The foregoing description of the embodiments of the present disclosure has been presented for purposes of illustration and description, and is not intended to be exhaustive or limited to the embodiments disclosed. Many modifications and variations will be apparent to those of ordinary skill in the art without departing from the scope and spirit of the various embodiments described. The terminology used herein was chosen in order to best explain the principles of the embodiments, the practical application, or the technical improvements in the marketplace, or to enable others of ordinary skill in the art to understand the embodiments disclosed herein.

Claims

1. A knowledge classification-based complex target asymptotic identification method is characterized by comprising the following steps:

binding of bilinear features f _A (I)∈R ^hw×c And f _B (I)∈R ^hw×c Equal to f _A (I) ^T f _B (I)∈R ^c×c Where c is the number of feature maps and h and w represent the height and width of the feature maps;

bilinear pooling of cross-layer decomposition is expressed as:

wherein X represents one layer and Y represents another layerWherein U is E R ^hw×d And V.epsilon.R ^hw×d Is a projection matrix, P.epsilon.R ^d×cc Is a matrix of the classifier(s),is the Hadamard product, d represents the dimension of the joint embedding, and f is the output of the bilinear model;

the tri-linear pooling method is expressed as:

wherein W is E R ^hw×d Representing a projection matrix, f incorporates three separate layers, where X represents one layer and Y, Z represents the other two layers;

and predicting the category by using the fused characteristics.

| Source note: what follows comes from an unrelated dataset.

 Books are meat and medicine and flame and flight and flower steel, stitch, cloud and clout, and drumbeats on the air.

2. The knowledge-based complex object asymptotic recognition method according to claim 1, characterized in that the definition of the original image dataset I is divided into three image datasets I with resolution from high to low _high ,I _medium ,I _low 。

3. The knowledge-based complex object asymptotic recognition method according to claim 2, characterized in that the resolution r of the original image dataset is defined as high resolution r _high The image dataset is determined as I _high ；

4. A complex object asymptotic recognition method based on knowledge classification according to claim 3, characterized by the fact that three resolution images are mapped one-to-one with biological taxonomies:

5. A knowledge-based complex object asymptotic recognition method according to claim 3, characterized in that the image is classified from high resolution r using an SVM classification algorithm _high Classification into categories of science, passing the accuracy threshold t _med And t _low To classify.

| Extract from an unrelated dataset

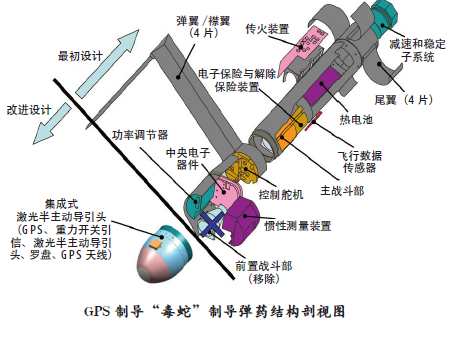 “毒蛇”子弹药引入了GPS制导,子弹药的射程增加,可防区外远距离攻击目标。另外,“毒蛇”子弹药还将加装数据链,具备对付移动目标和同时攻击多个目标的能力。据称,“毒蛇”子弹药还有可能采用红外/ 毫米波复合导引头。

6. The knowledge classification based complex target asymptotic identification method of claim 1, wherein inputting the images in batches into a VGG-16 network pre-trained on an ImageNet dataset for feature extraction includes: the relu5_1, relu5_2, relu5_3 features of the three resolution atlases are extracted.

7. The knowledge classification-based complex target asymptotic identification method of claim 1, wherein the three linear features and the three-dimensional bilinear features are fused, and SoftMax vectors are calculated to obtain a predicted result;

the three loss functions add to the total loss function:

l _full ＝l _high +l _medium +l _low .

wherein the loss function loss is defined at each resolution as:

l _high ＝loss(I _high )，l _medium ＝loss(I _medium ) And l _low ＝loss(I _low )。

8. A knowledge classification-based complex target asymptotic recognition device, the device comprising: a memory storing computer executable instructions;

bilinear pooling of cross-layer decomposition is expressed as:

wherein X represents one layer and Y represents another layer, wherein U.epsilon.R ^hw×d And V.epsilon.R ^hw×d Is a projection matrix, P.epsilon.R ^d×cc Is a matrix of the classifier(s),is the Hadamard product, d represents the dimension of the joint embedding, and f is the output of the bilinear model;

the tri-linear pooling method is expressed as:

and predicting the category by using the fused characteristics.